For decades, the “Middle East” has customarily been defined as the Arab world plus Israel, with the United States as the principal external power engaged in the region. Over the course of the last decade, that traditional definition of the Middle East has started to erode in important ways. One of the most significant points of transformation has been the rise of regional states from outside the Arab-Israeli arena as consequential players in the Middle East’s political, economic, and strategic affairs. Iran is an outstanding example of this phenomenon; Turkey is another.
This week Turkish Prime Minister Recep Tayyip Erdogan was in Iran, where he met with President Mahmoud Ahmadinejad and Supreme Leader Ayatollah Ali Khamenei.
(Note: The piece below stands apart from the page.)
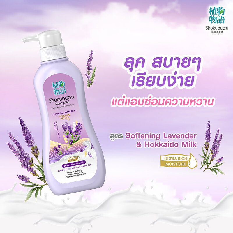 Shokubutsu Monogatari Hokkaido Milk โชกุบุสซึ โมโนกาตาริ ครีมอาบน้ำฮอกไกโด มิลค์ 500ml (Lavender/Sakura/Cherry)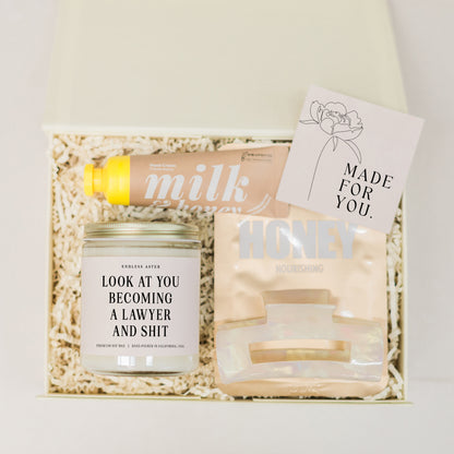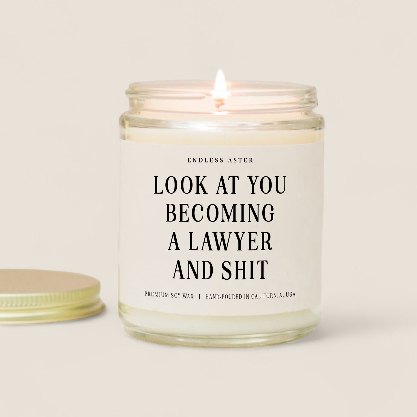 What better way to show someone how proud you are of their accomplishments than with a candle that celebrates their new status in life? This "Look at You Becoming a Lawyer and Shit" Candle is the perfect gift for any soon-to-be lawyer in your life. Featuring a fun modern design & delightful scent, this candle is sure to bring a smile to their face. So whether you're looking for a unique graduation gift or just want to show someone how much you support their dreams, this candle is the perfect way to do it. Add on safety matches and a delicious chocolate bar or a cozy tea set for an extra special touch.

Erdogan was supposed to come to the United States immediately following his departure from Tehran; the Prime Minister’s Washington visit has now been postponed until early December. As we pointed out in an earlier post, Turkey’s relations with the Islamic Republic have improved dramatically in recent years – economic relations are expanding rapidly and the foundations for closer energy links are being laid. And, as Erdogan himself made clear in an interview with The Guardian earlier this week, political ties between Turkey and Iran are becoming both broader and deeper.
Some in Washington and in Israel criticize Turkey’s burgeoning relationship with Iran, saying that it comes at the expense of Ankara’s longstanding ties to the United States and Israel. Against this, we argue – in an Op Ed published in today’s POLITICO, entitled “Turkey, the United States, and the New Middle East” —that Ankara’s approach to the Islamic Republic actually serves Western interests better than established U.S. policy.